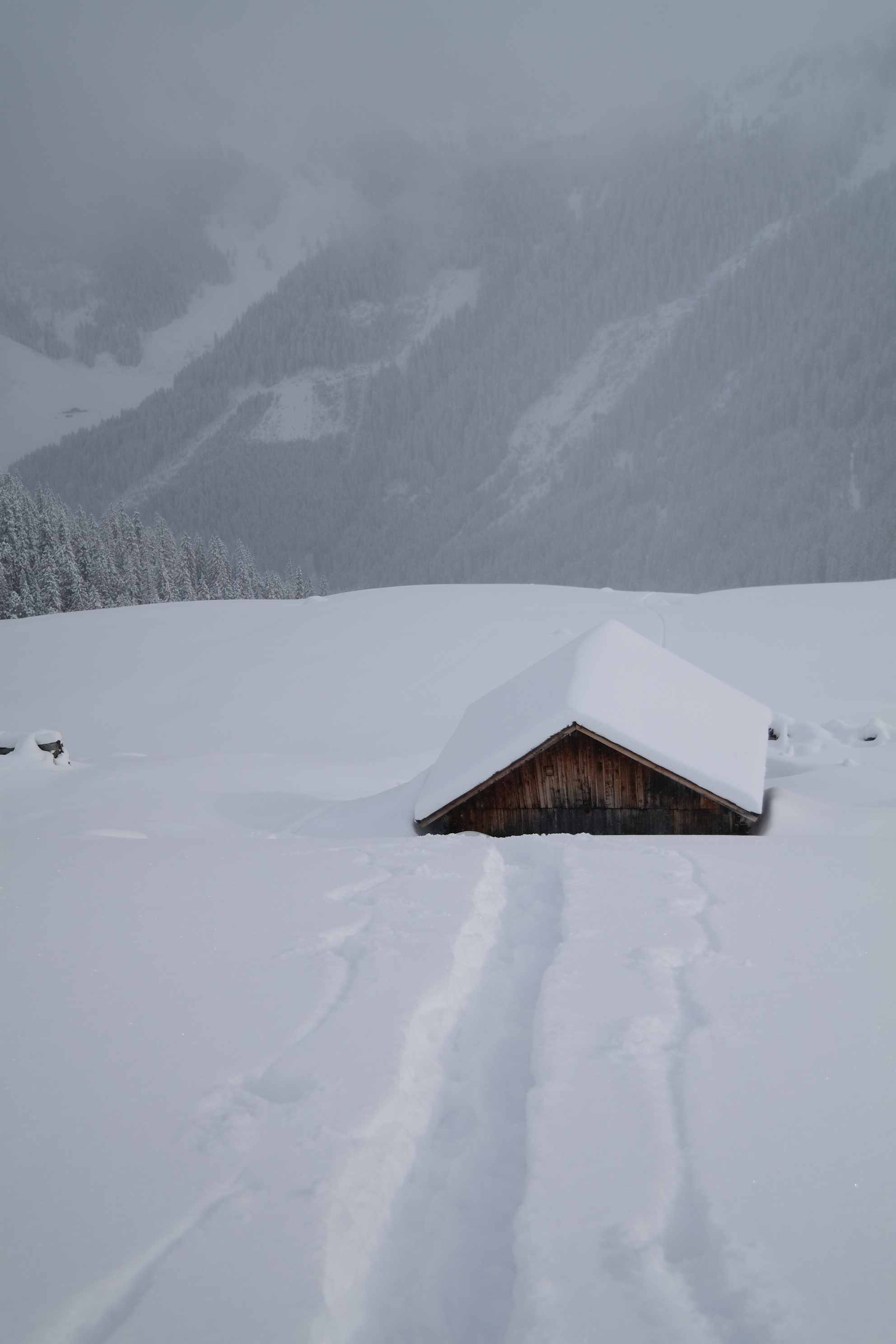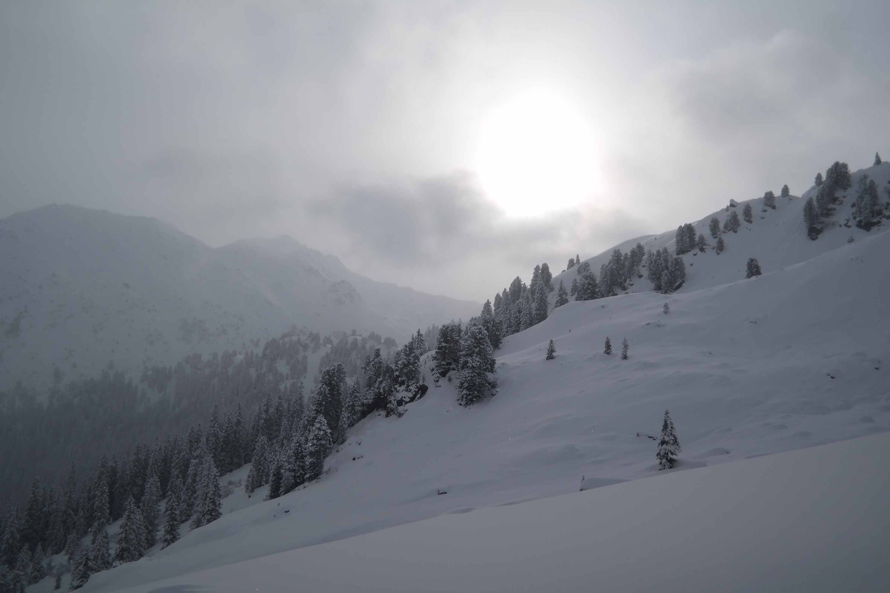 Endlich hält der Winter auch in den Nordalpen Einzug! Bis vor wenigen Tagen war es in den Kitzbüheler Alpen mehr Grün als Weiß, doch jetzt hat´s geschneit und es soll ganzes Wochenende weiter schneien. Heute hatte es im Umfeld der Neuen Bamberger Hütte bereits 30-50 cm locker-flockigsten Powder. Aber bis in große Höhen hinauf de facto ohne Unterlage - was einen unbeschwerten Abfahrtsgenuss derzeit noch verunmöglicht, da ständig Steinkontakt droht. Aufstieg über den Sommerweg geht, Abfahrt nicht - für die Abfahrt unbedingt die Forststraße orografisch links des Wildbaches nehmen, die geht sehr gut und durchgehend bis ganz hinunter. Im Manzenkar und auf der Stangelhöhe heute komplett alleine durch den Tiefschnee gespurt - und dabei überraschenderweise vormittags sogar teilweise Sonnenschein gehabt.
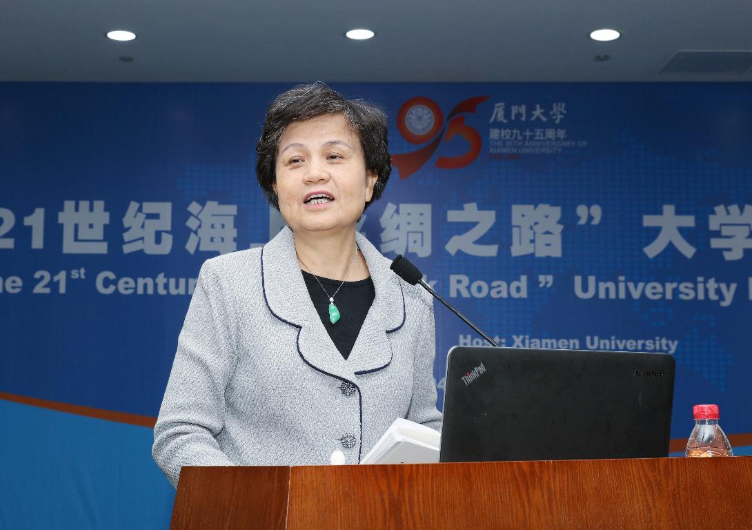 Xu Lin, general-secretary of Confucius Headquarters (Hanban), expressed her congratulations on the 95thanniversary of Xiamen University. She said that the key point of“One Belt, One Road”lies in the“five exchanges”, such as“exchange of policies, exchange of facilities, exchange of trades, exchange of capitals, and exchange of thinking”, while Confucius Institutes play an important part in the exchange of thinking. Hanban will continue to support the Confucius Institutes all over the world, specially focusing on the construction and development of the Confucius Institutes in the countries along the“One Belt, One Road”area, according to her.
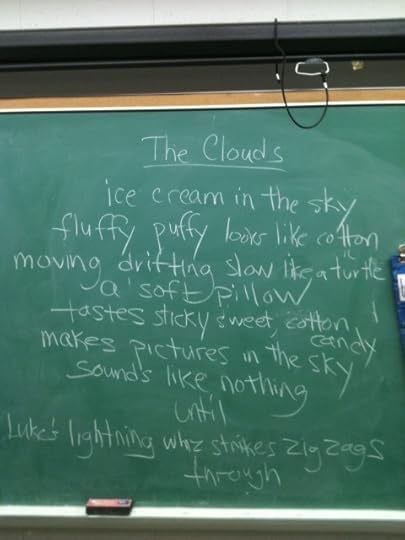 Yesterday I visited my daughter's class at school to teach writing. I'm going in for a few mornings this spring to do fun stuff and try to inspire the kids. We worked on description together: brainstorming, dreaming, getting our heads chock full of sensory details like sight, sound, smell, taste, and touch. We listened to music; ate chocolate kisses. The kids were so smart! Everything we described together turned into a poem.
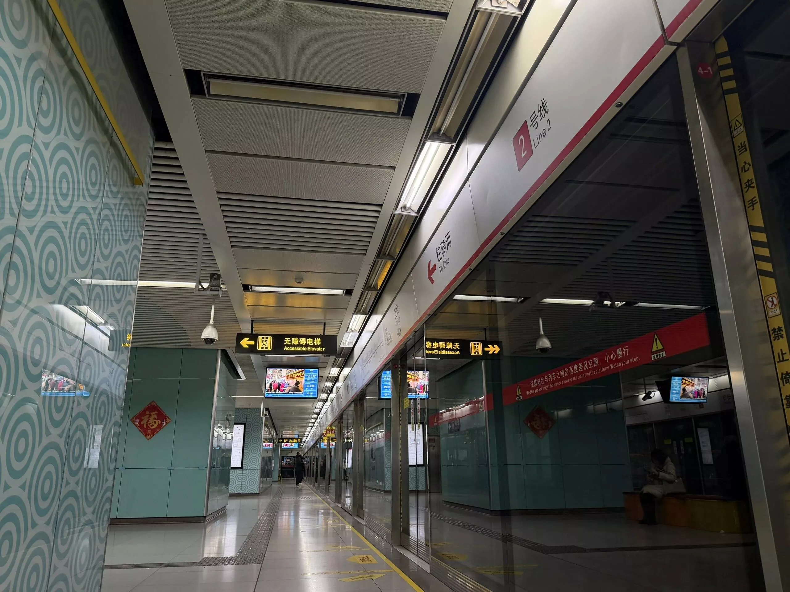 2号线友联站站台灯光昏暗,关闭的灯具数量远超开启数量,关灯比例已然过半,候车区域光线十分不足;可站内的星连驿站却灯火通明、亮度十足。

::::

• [Work item]: Take the lines from the one holding "Yesterday I visited" through the final line of the listing above and copy them exactly, both ends included, with no pictures.

• [Task answer]:
 Yesterday I visited my daughter's class at school to teach writing. I'm going in for a few mornings this spring to do fun stuff and try to inspire the kids. We worked on description together: brainstorming, dreaming, getting our heads chock full of sensory details like sight, sound, smell, taste, and touch. We listened to music; ate chocolate kisses. The kids were so smart! Everything we described together turned into a poem.
 2号线友联站站台灯光昏暗,关闭的灯具数量远超开启数量,关灯比例已然过半,候车区域光线十分不足;可站内的星连驿站却灯火通明、亮度十足。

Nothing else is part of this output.